I definitely see the welsh and I think he could well have Shetland in him, he just has something about him...

Welshies can be 15hh+ depending on which section they are! I know a gorgeous Welsh D that is at least 15hh. So it is possible he could be a bigger section Welsh crossed with a shetland.

To me he sounds like he is VERY welsh in personality. I love that cheeky streak.

I really like him, he is lovely. I love his shoulder!
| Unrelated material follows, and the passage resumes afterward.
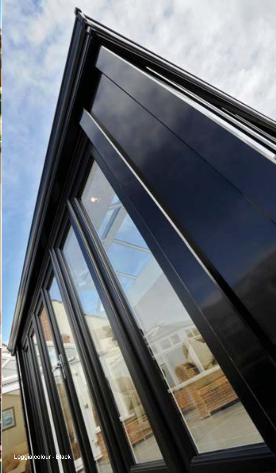
Loggia colour - Black

...can I have him?? LOL (not really, I'm way too tall for a 12.3hh pony - not for "looking big" but for saddle size. I can't ride in anything smaller than 17 inch)


----------



## ItzKayley (Jun 8, 2011)

blue eyed pony said:


> I definitely see the welsh and I think he could well have Shetland in him, he just has something about him...
> 
> Welshies can be 15hh+ depending on which section they are! I know a gorgeous Welsh D that is at least 15hh. So it is possible he could be a bigger section Welsh crossed with a shetland.
> 
> ...


Thanks for your opinion, he is VERY cheeky. 
Haha, when we got our old farrier out for the first time, they asked the same question. 
As for saddle size, I got a english saddle this year (I rode in a stock) and I tryed my Mum's saddle on him for a rough idea. I think it is 17 inch and too big for me, but I think it looks alright on him? 

Mum's Saddle:








Mine & Because Aussie's cute. xD:


----------



## blue eyed pony (Jun 20, 2011)

Oh wow  looks like I would be able to ride a chunky 12.3hh pony, if your mum's saddle is 17 inch and fits him like that. That's actually quite a good fit for him so you're actually really unlikely to ever outgrow him, which is great 

That's why I sold my old pony... the biggest saddle I could put on him was a 16.5 inch and I can't ride as effectively in something so much too small (I ride in a 17.5 inch dressage saddle, and I'm stuck in a 16.5 inch allpurpose for the moment but I'm going to get a jumping saddle sometime within the next few months). He was only 12.1hh and pure Welsh with a really short back, though, so that makes things tricky.

Aussie is so cute


----------



## ItzKayley (Jun 8, 2011)

I asked Mum today, her saddle is 17 inch. 
There is nothing better than riding a little 12.3hh chunky pony. Makes bareback comfy.


----------



## blue eyed pony (Jun 20, 2011)

haha I had a 12.1hh chunky full Welsh so I totally know what you mean 

Maybe when my foal's started and going well I might get a ~13hh pony to train and sell... ponies are SO much fun!


----------



## ItzKayley (Jun 8, 2011)

blue eyed pony said:


> haha I had a 12.1hh chunky full Welsh so I totally know what you mean
> 
> Maybe when my foal's started and going well I might get a ~13hh pony to train and sell... ponies are SO much fun!


The smaller the better...








I'm only a tad too big right?
Just need to pull his legs about 1cm. xD


----------



## blue eyed pony (Jun 20, 2011)

bwahahaha what a cutie! A flufflet if I ever saw one  

...how big is he?? LOL like 10hh or what?


----------



## ItzKayley (Jun 8, 2011)

10hh at the max? I'm 155cm.


----------



## blue eyed pony (Jun 20, 2011)

hahhah how cute. I want a little pony like him 

btw I'm 160cm  I just have ridiculously long legs lol so I can't ride well in a small saddle.


----------



## horseloverd2 (Jan 23, 2009)

His face screams Shetland to me. He is adorable, whatever he is. So chunky!


----------



## ItzKayley (Jun 8, 2011)

blue eyed pony said:


> hahhah how cute. I want a little pony like him
> 
> btw I'm 160cm  I just have ridiculously long legs lol so I can't ride well in a small saddle.


I'm 5cm off! xD



horseloverd2 said:


> His face screams Shetland to me. He is adorable, whatever he is. So chunky!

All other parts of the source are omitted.